One young man named Gordy greets me shyly and explains that he is working on a video about sports at Ethan Allen, which might be used to promote continued funding for the athletic programs. He shows me the script he wrote, called "Champions of Change," extolling the virtues of discipline and teamwork: "It starts with determination, and determination is usually connected to a goal. The sports programs offer several goals you can achieve ... developing leadership skills ... developing a positive attitude ... learning to take instructions from authority figures. Each of these goals can help you focus your determination. You must be determined to be a champion of change."
Kids who come to Wales are all considered a danger to their communities. They've committed crimes like battery, armed robbery, and aggravated assault. There is a special cottage for the serious sex offenders, who are kept separate from the general population. With some trepidation, I visit a group-therapy session in this cottage. Ten young men, eight of them African-American, one white, and one Hispanic, are sitting around the room with a counselor. Gordy, it turns out, is one of these kids. They listen intently to my introduction, and are quick to warm up and tell me about themselves.
"Nobody wants to be in here. Everybody misses their mom," one lanky seventeen-year-old says. "But this has helped me. You learn you can change. When I first came here, I went in the hole three or four times. But now I've got my anger under control. You learn there's consequences for your actions, and you get more freedoms as you progress."
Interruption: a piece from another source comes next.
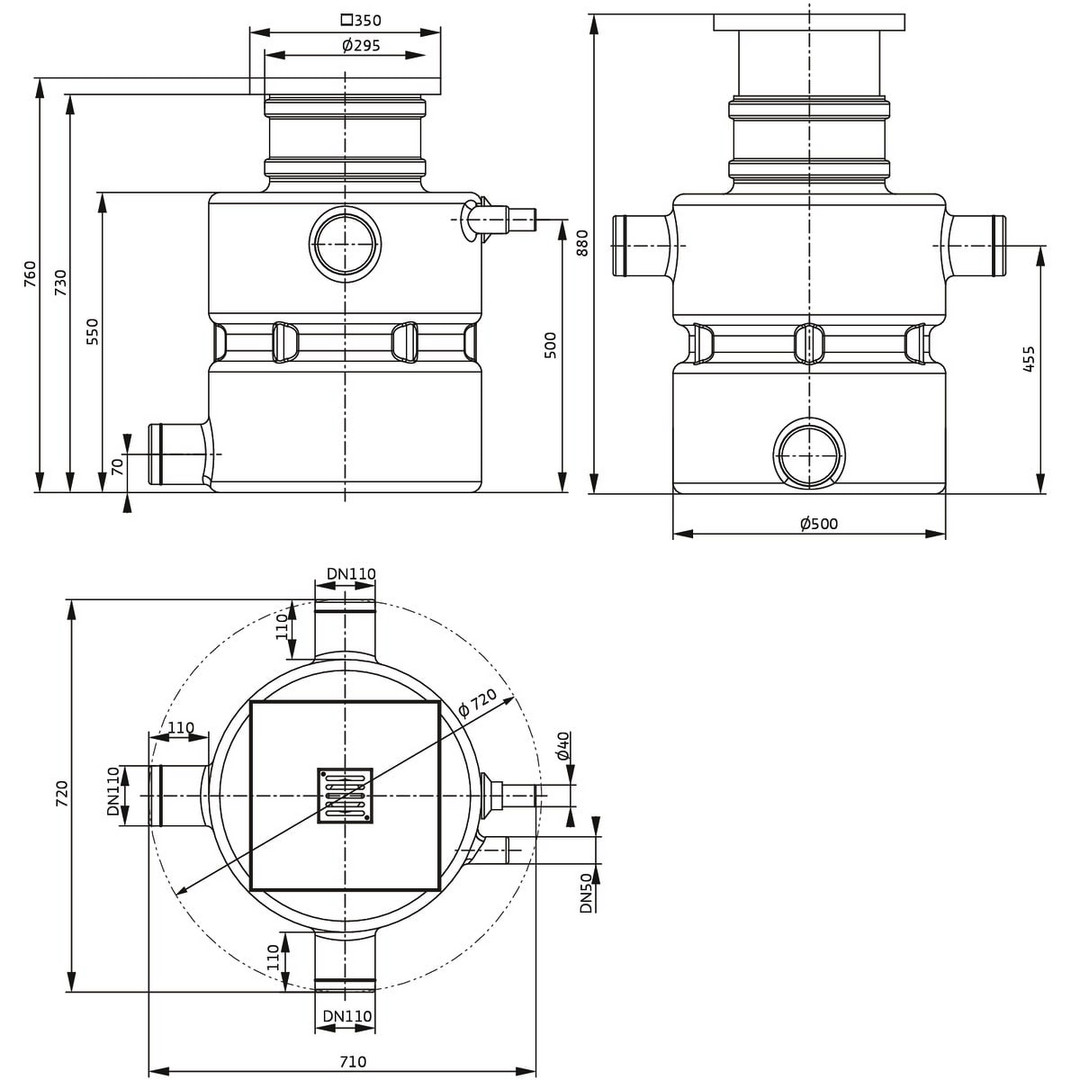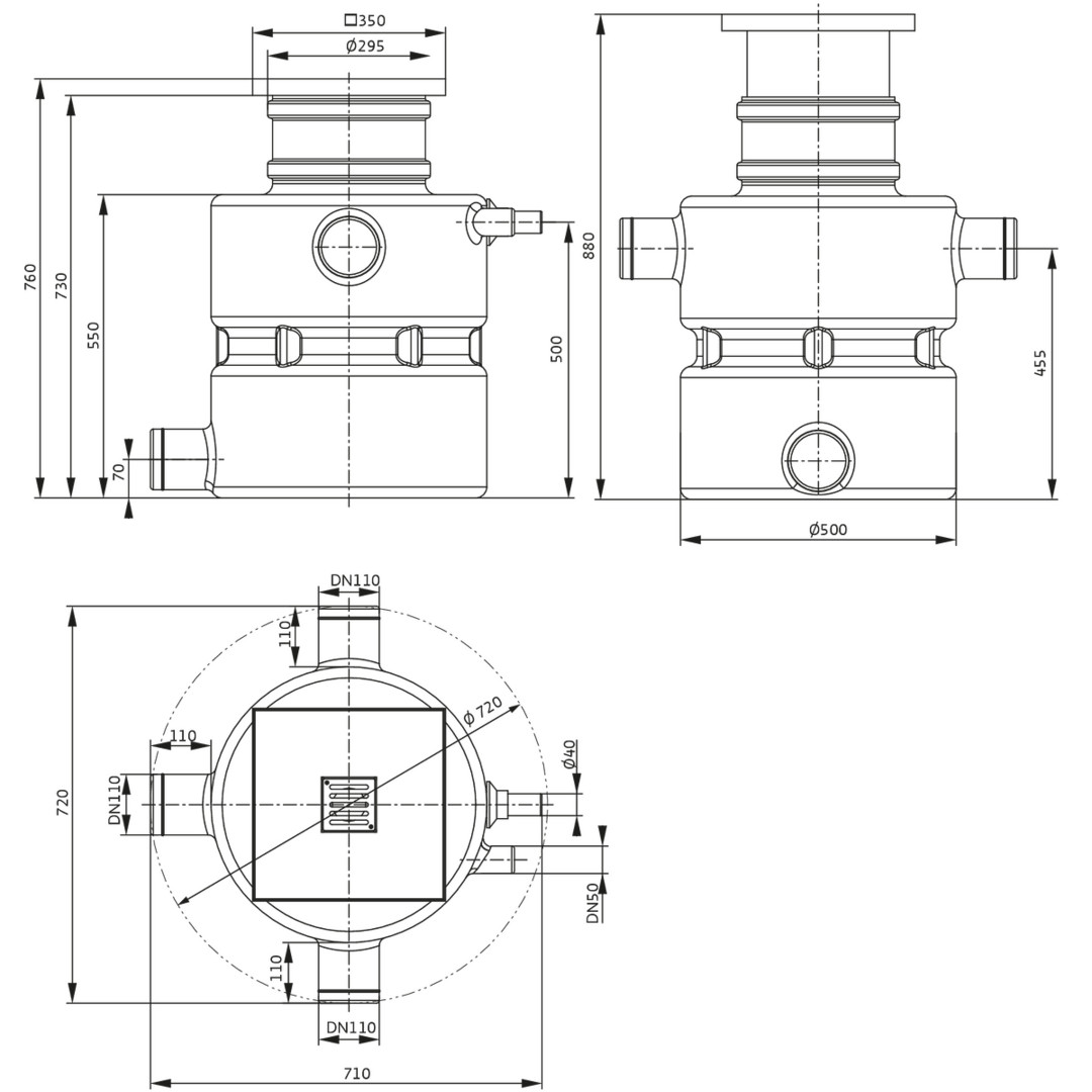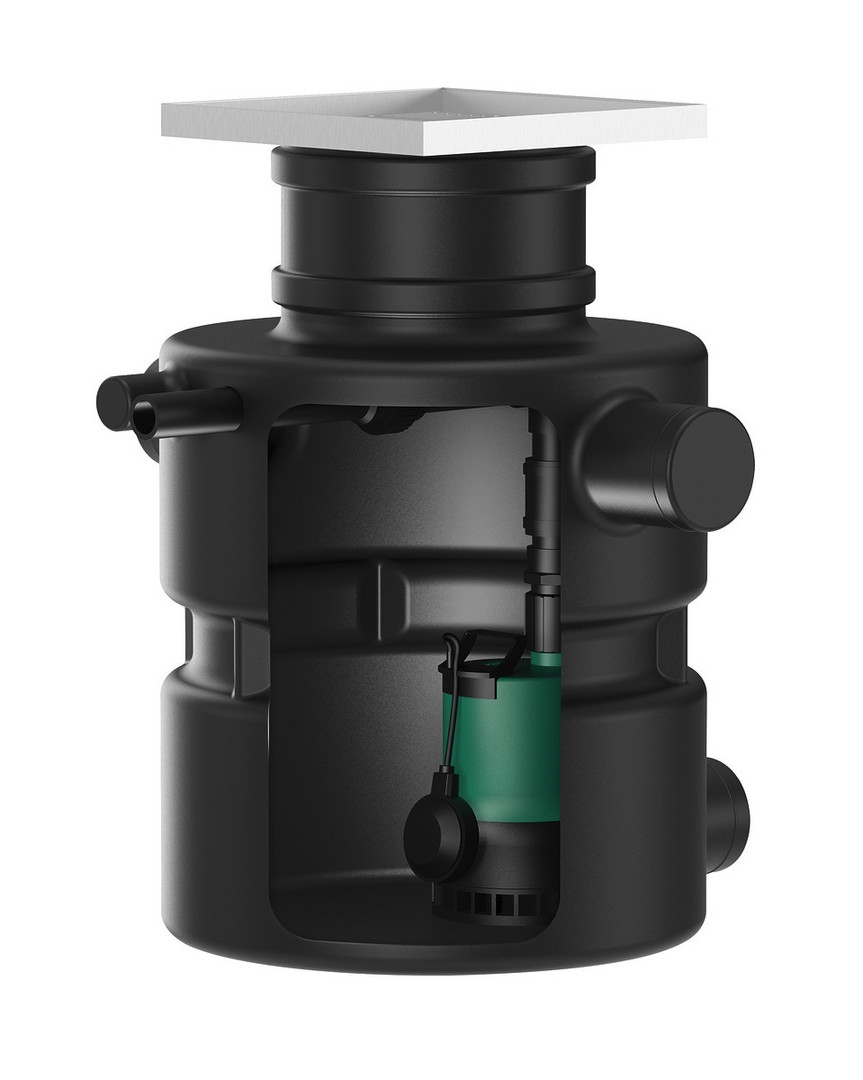 integrierte Pumpe mit Rückschlagklappe, Abdeckung mit Bodenablauf und Fliesenrahmen, zur Förderung von vorgereinigtem Abwasser ohne Fäkalien (nach DIN EN 12050-2), welches nicht über das natürliche Gefälle dem Kanalsystem zugeführt werden kann, Pumpe mit angebautem Schwimmerschalter im Kunststoffbehälter zum Unterflureinbau, mit installierter Druckleitung und Rückschlagklappe, Pumpenkabel (5 m bzw. 10 m lang) mit angebautem Schutzkontakt-Stecker

"We talk about what we did, and the pain and fear we put our victims through, about putting yourself in the other person's shoes," another kid explains. "We can say anything we want to in here. It gives you an opportunity to find out who you really are."
A fifteen-year-old with a frizzy Afro and athletic socks pulled up to his knees raises his hand anxiously. "He said nobody wants to be in here," he says, indicating the first kid who spoke. "But around here people know me. I'm recognized. People see me and they tell me I did a good job."